Recovery View as a PDF

Theme Song: end of THE WORLD

What happens when our database crashes? What if we lose power for a moment or run out of memory? In dramatic terms, how can our database be prepared for the end of THE WORLD? The answer is recovery! In this assignment, you'll make your database crash-tolerant using write-ahead logging and recovery.

Background Knowledge

Write-Ahead Logging

When our database crashes, we lose everything that was stored in volatile memory. Write-ahead logging aims to solve this problem by storing enough information to recreate the state of the database after a crash.

In write-ahead logging, we write a log specifying the action we undertook before we actually do it. For example, if we inserted (10, 10) into the database, we would write a log that might look like "< Tx1, INSERT, 10, 10, tablename >", indicating that transaction 1 inserted the value (10, 10) into table "tablename". If we do this for every write action a database undertakes, then we will be able to recover just by replaying the log!

You might be tempted to remark that write-ahead logging seems redundant and slow; why don't we just save the state of the database each time? The nature of write-ahead logging makes writing a log much less expensive than flushing a page: in short, appending a string to a file is much cheaper than mutating a data structure and flushing the corresponding pages.

Checkpoints

Let's say we've crashed and decide to recover our database by replaying history.
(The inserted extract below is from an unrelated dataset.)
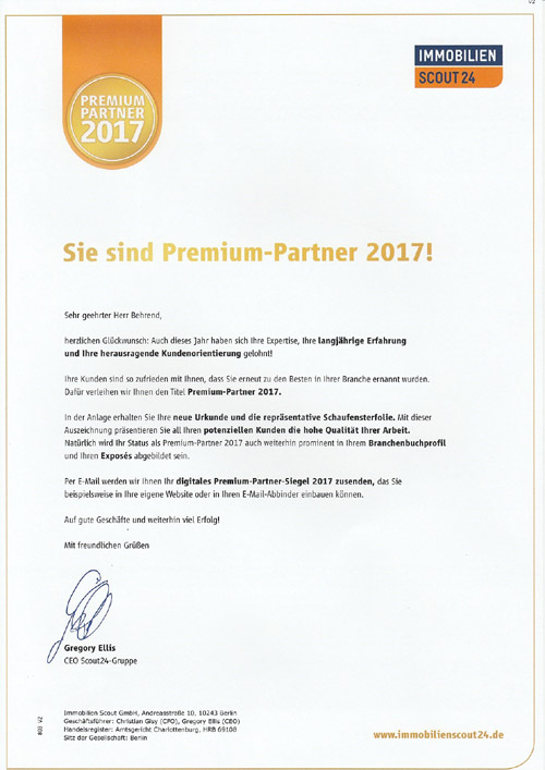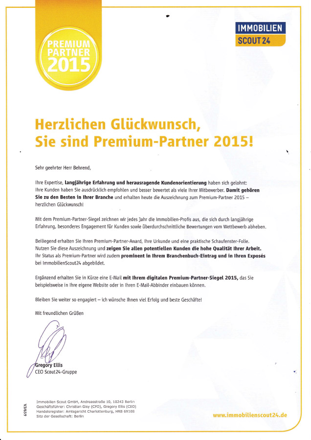 Zertifikat Halbjahresreport 1/2013 Immobilienscout 24.

You may have noticed that it is rather inefficient to replay a database's entire history. Especially since our database already has data stored on disk, we want to do the minimum amount of work required to restore the database.

To achieve this, we use checkpoints. A checkpoint is a point in the logs where we can be sure that all data in memory was flushed to disk. In other words, there is no need to replay information up to a checkpoint, since it already exists on disk. A checkpoint log also contains information specifying which transactions are currently active; as you will see soon, this is imperative for recovery, since it gives us information about what instructions should actually be undone.

When we call checkpoint on the REPL, we first flush all pages to disk, then write a checkpoint log to disk. This order is important; if we wrote the log first, but crashed during the flush itself, our recovery algorithm would not work!

Log Types

Now that we understand checkpoints, we should introduce the other kinds of logs. There are five kinds of logs in our database: TABLE logs, EDIT logs, START logs, COMMIT logs, and CHECKPOINT logs.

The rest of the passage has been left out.